Extracted entries:

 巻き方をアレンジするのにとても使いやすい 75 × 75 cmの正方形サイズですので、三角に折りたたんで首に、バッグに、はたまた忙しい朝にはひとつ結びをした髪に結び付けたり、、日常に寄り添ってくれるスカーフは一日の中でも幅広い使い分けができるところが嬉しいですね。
...
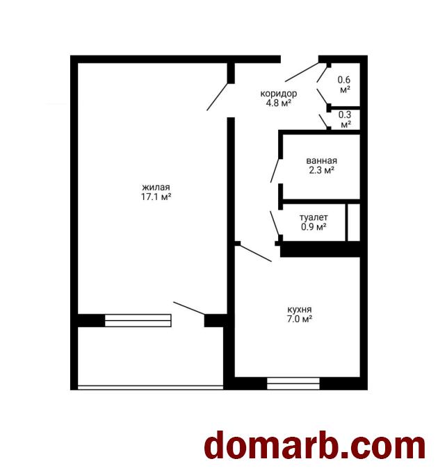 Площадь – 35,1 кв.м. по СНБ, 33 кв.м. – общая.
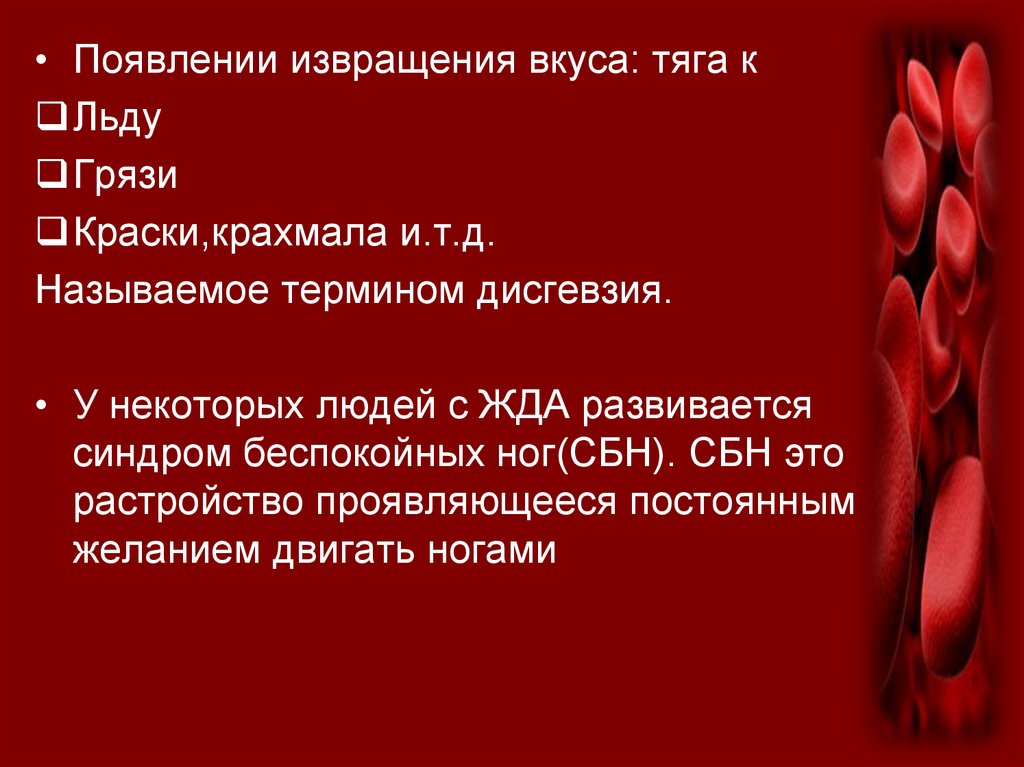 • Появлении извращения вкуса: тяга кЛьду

Work to be completed:
Extract from the material above the stretch running from the line containing "Площадь – 35,1" through the line containing "вкуса: тяга кЛьду". Keep the text exact and the pictures out.

Task response:
 Площадь – 35,1 кв.м. по СНБ, 33 кв.м. – общая.
 • Появлении извращения вкуса: тяга кЛьду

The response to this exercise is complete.